The undersigned registrant hereby undertakes:

(a) (1) To file, during any period in which offers or sales are being made, a post-effective amendment to this registration statement to include any material information with respect to the plan of distribution not previously disclosed in this registration statement or any material change to such information in this registration statement.

 

 

 

 

 

 

 



 

 

(2) That, for the purpose of determining any liability under the Securities Act of 1933, each such post-effective amendment shall be deemed to be a new registration statement relating to the securities offered therein, and the offering of such securities at that time shall be deemed to be the initial bona fide offering thereof.

(3) To remove from registration by means of a post-effective amendment any of the securities being registered which remain unsold at the termination of the offering.

(b) That, for purposes of determining any liability under the Securities Act of 1933, each filing of the registrant’s annual report pursuant to Section 13(a) or 15(d) of the Securities Exchange Act of 1934 that is incorporated by reference in the registration statement shall be deemed to be a new registration statement relating to the securities offered therein, and the offering of such securities at that time shall be deemed to be the initial bona fide offering thereof.

B. Undertaking in Respect of Indemnification.

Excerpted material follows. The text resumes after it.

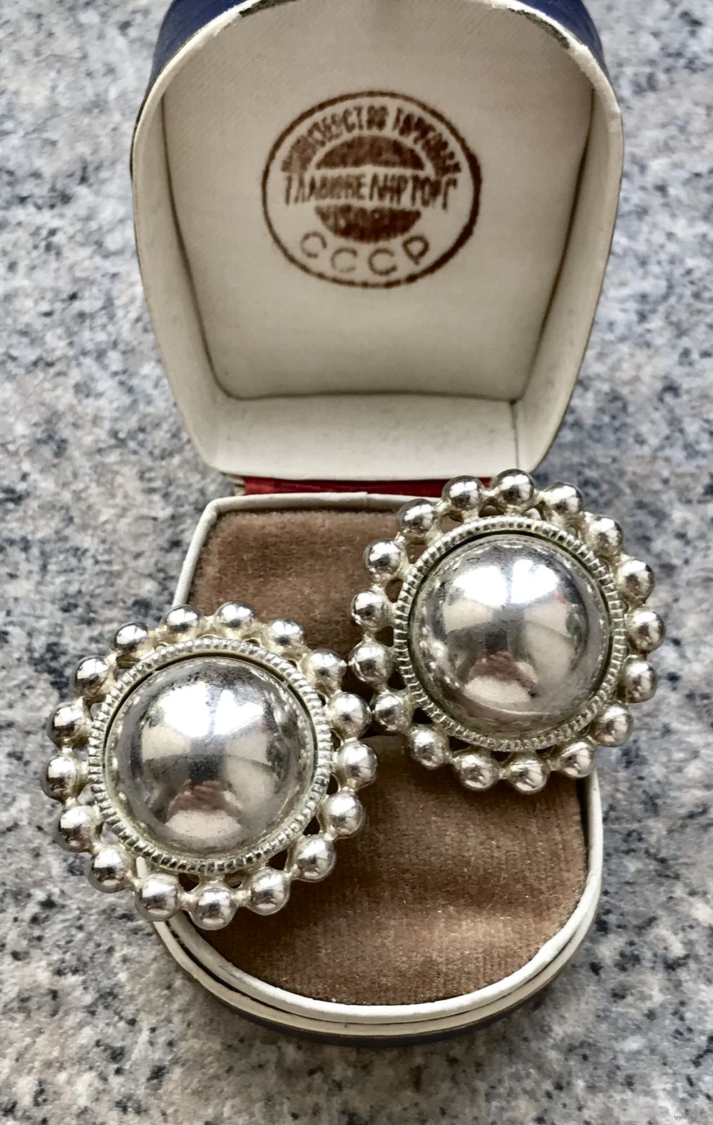 Крупные винтажные клипсы бренда Premier USA (70-е гг.) из металла серебристого тона, имеют купольную форму. Диаметр клипсы 3см., состояние хорошее. Маркированы.

Insofar as indemnification for liabilities arising under the Securities Act of 1933 may be permitted to directors, officers and controlling persons of the registrant pursuant to the foregoing provisions, or otherwise, the registrant has been advised that in the opinion of the Securities and Exchange Commission such indemnification is against public policy as expressed in the Act and is, therefore, unenforceable. In the event that a claim for indemnification against such liabilities (other than the payment by the registrant of expenses incurred or paid by a director, officer or controlling person of the registrant in the successful defense of any action, suit or proceeding) is asserted by such director, officer or controlling person in connection with the securities being registered, the registrant will, unless in the opinion of its counsel the matter has been settled by controlling precedent, submit to a court of appropriate jurisdiction the question whether such indemnification by it is against public policy as expressed in the Act and will be governed by the final adjudication of such issue.

 

 

 

 

 

 



 

 

SIGNATURES

Pursuant to the requirements of the Securities Act of 1933, as amended, the Registrant certifies that it has reasonable grounds to believe that it meets all of the requirements for filing on Form S-3, reasonably believes that the security rating requirement contained in Transaction Requirement B.5. of Form S-3 will be met by the time of the sale of the securities registered hereunder and has duly caused this Post-Effective Amendment No. 1 to the Registration Statement to be signed on its behalf by the undersigned, thereunto duly authorized, in New York, New York on the 4th day of October, 2005.

MS STRUCTURED ASSET CORP.

By:

 /s/ Matthew J. Zola    

Name:

Matthew J. Zola

Title:

Director

 

 

Signature

Title

Date

 

 

 

 

 

/s/ Matthew J. Zola
Matthew J. Zola

Director, President and Chief Executive Officer
(Principal Executive Officer)

 October 4, 2005

 

 

 

*

 

October 4, 2005

 

                                   
Michael B. Pohly

Director, Treasurer, Vice President and Chief Financial Officer
(Principal Financial Officer and Principal Accounting Officer)

 

 

*

 

 

 

October 4, 2005

 

                                   
Donald J. Puglisi

 

 

Director

 

 

 

 

 

 

 

 

 

 

 

 

 

 

 

 

 

*

Matthew J. Zola, by signing his name hereto, does sign this document on behalf of each of the persons identified above for whom he is attorney-in-fact pursuant to a power of attorney duly executed by such person and previously filed with the Securities and Exchange Commission.